Die junge Moslem-Familie bot viel Unterhaltung für unser geklautes Geld. Goon verlor seinen Platz in der Schule. Seine Spielsachen, Geschenke von mir, wurde verkauft. Goon verspürte den Segen und die Kraft Allahs, als ihm sein neuer Vater, Berater in Glaubens- und Ernährungs-fragen, in Phitsanoluk mit Hilfe eines eisernen Bettgestells mehrere neue Zähne ausschlug.
Goon lebt jetzt mit Bruder, Hund, weniger Zähnen bei seinen Grosseltern. Seine Mutter bezahlte die Schulgelder bereits in PhonPhat nicht mehr. Wer bezahlt denn jetzt? Grossmutter Dick. Wenn aber dereinst die missratene Tochter, die Lügnerin, Diebin, Einbrecherin auf ihre ausgebeutete Mutter zugehen wird, ist alles vergessen, denn – sie ist ja meine Tochter — während der pseudoarabische Prinz ohne mit Anstand zu Fragen, im grössten Sessel Platz nimmt und sich eine Ejakulation über die Dummheit der Weiber in seine Genitalien lacht. Mahlzeiten und Taschengeld scheinen für die Zukunft gesichert.

Das Delikt Hausfriedensbruch existiert in Thailand nicht. Ohne Ankündigung wie Telefon, Postkarte an Dick, reiste der Dorfobmann mit Mutter und weiteren neun Begleitpersonen nach Phonphat und wollte die Alte abliefern. Zugleich verlangte er Unterkunft und Verpflegung für seine Begleitung. Die Haushälterin nahm Dicks Mutter entgegen. Mit der Bemerkung: „Für Unterkunft und Verpflegung gibt es spezialisierte Betriebe in HangDong,“ sandte sie die Reisegruppe weg.

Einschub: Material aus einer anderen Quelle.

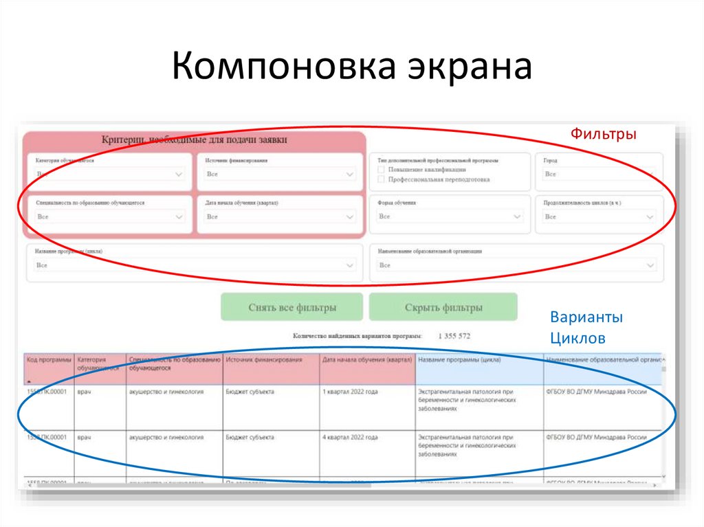 Компоновка экранаФильтры
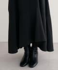 左右非対称な裾のデザインが、コーディネートに動きと個性をプラス。

Dicks Mutter mochte die Haushälterin nicht und verreiste bald darauf zurück in ihr Haus. Da konnte sie schalten und walten wie es ihr gefiel. Der Vorsteher musste Verweise erteilen, wenn die Alte Nachbarn belästigte. Dieser Obmann reiste nur zu gerne nach Chiang Mai. Er sammelte erneut ein Begleitteam und als er einen Grund fand, brachte er die ungehorsame Seniorin in den Norden. Diesmal, ohne resolute Haushälterin, flegelten sich die unerwünschten Besucher in die Küche und richteten sich, wie landesüblich, in den Zimmern ein. Mowgli, gab lieber sein Kopfkissen her, als seine oder gar unsere Interessen zu verteidigen. Man darf sich fragen, wie viel Beteiligung beim Einbruch seiner Halbschwester vorhanden war. Der sonst absolut Interesselose stieg wegen PC-Spielen bereits vor sechs Jahren in unser Haus ein, weil sein eigener Computer krank war. Er verseuchte Dicks und meine Maschine gedankenlos mit heruntergeladenen Viren. Mein Vertrauen liegt knapp unter dem Nullpunkt. Wir erreichten unser Domizil mit der speziellen Nachbarschaft gegen Mittag. Ich musste mich auf reduzierte Pflegeleistungen und ausfallende Mahlzeiten einstellen. Mae diktierte das Geschehen sogleich und unmissverständlich!